> _EXERCISE GOAL_
Take the whole listing and reproduce it exactly, pictures excepted.

> _COLLECTED MATERIAL_
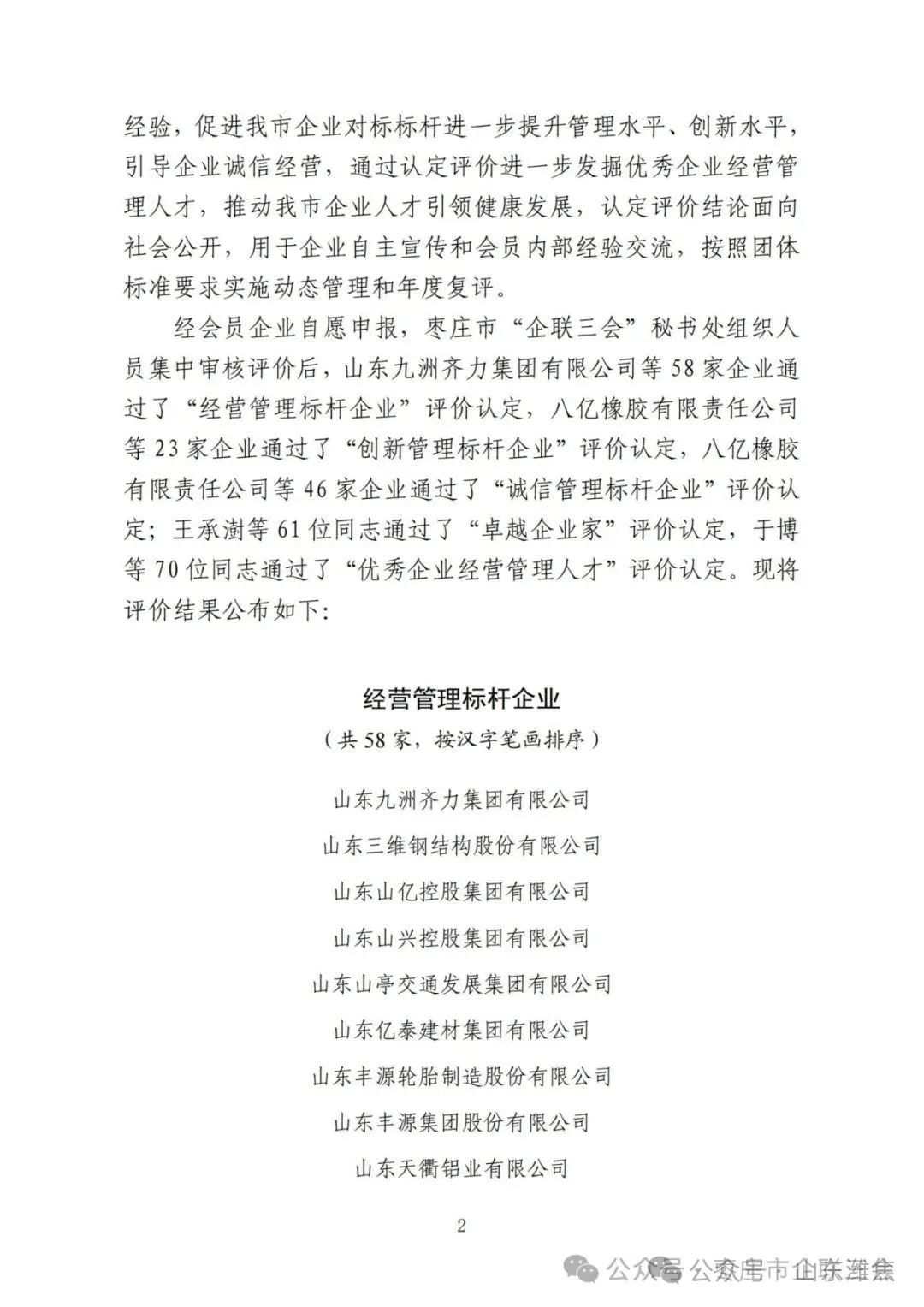 近日,棗莊市企業(yè)聯(lián)合會、棗莊市企業(yè)家協(xié)會、棗莊市工業(yè)聯(lián)合會發(fā)布《關(guān)于2024年管理標(biāo)桿企業(yè)及其優(yōu) 秀管理者認(rèn)定評價結(jié)果的通知》,山東濰焦集團薛城能源有限公司、棗莊杰富意振興化工有限公司榮獲2024年度“經(jīng)營管理標(biāo)桿企業(yè)”稱號。這是對兩公司經(jīng)營管理水平、管理創(chuàng)新能力等方面的充分肯定和認(rèn)可。
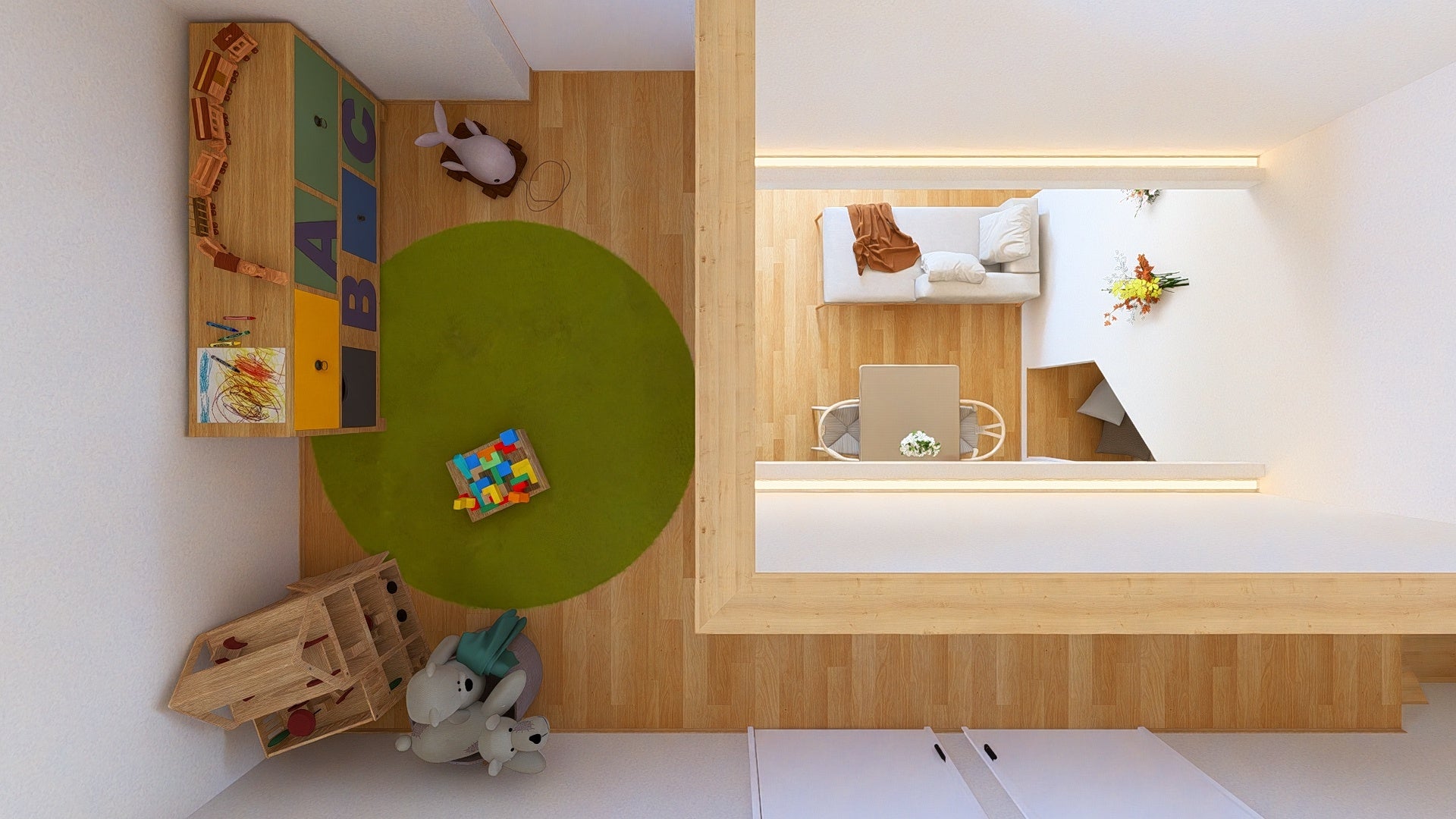 階下とのつながりを感じられるフリースペース。吹き抜けを通して楽しく遊ぶお子様の声が響く。 3帖ほどの広さで、家族の成長に合わせて用途を変えていけるフレキシブルな空間。
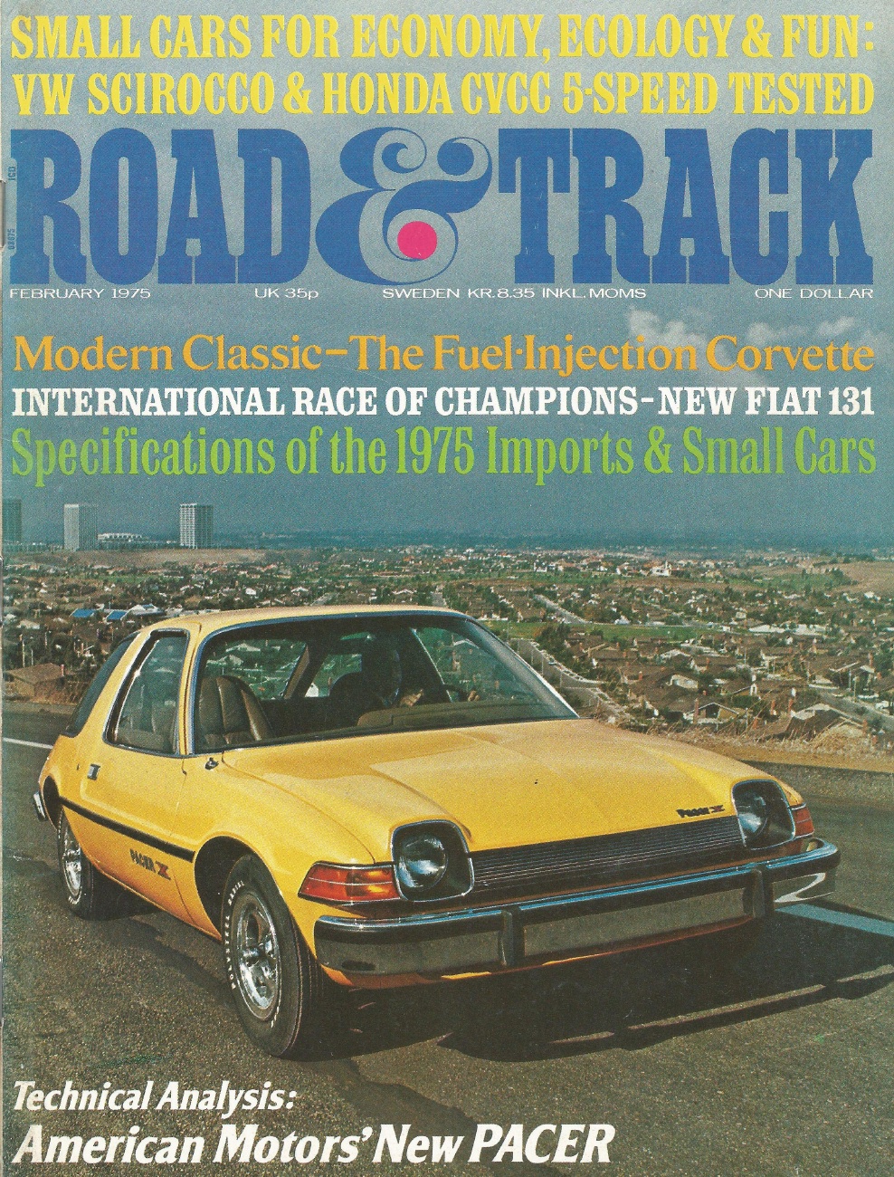 ROAD & TRACK 1975 FEB - STING RAYS, PACER, SCIROCCO

> _FINISHED EXERCISE_
 近日,棗莊市企業(yè)聯(lián)合會、棗莊市企業(yè)家協(xié)會、棗莊市工業(yè)聯(lián)合會發(fā)布《關(guān)于2024年管理標(biāo)桿企業(yè)及其優(yōu) 秀管理者認(rèn)定評價結(jié)果的通知》,山東濰焦集團薛城能源有限公司、棗莊杰富意振興化工有限公司榮獲2024年度“經(jīng)營管理標(biāo)桿企業(yè)”稱號。這是對兩公司經(jīng)營管理水平、管理創(chuàng)新能力等方面的充分肯定和認(rèn)可。
 階下とのつながりを感じられるフリースペース。吹き抜けを通して楽しく遊ぶお子様の声が響く。 3帖ほどの広さで、家族の成長に合わせて用途を変えていけるフレキシブルな空間。
 ROAD & TRACK 1975 FEB - STING RAYS, PACER, SCIROCCO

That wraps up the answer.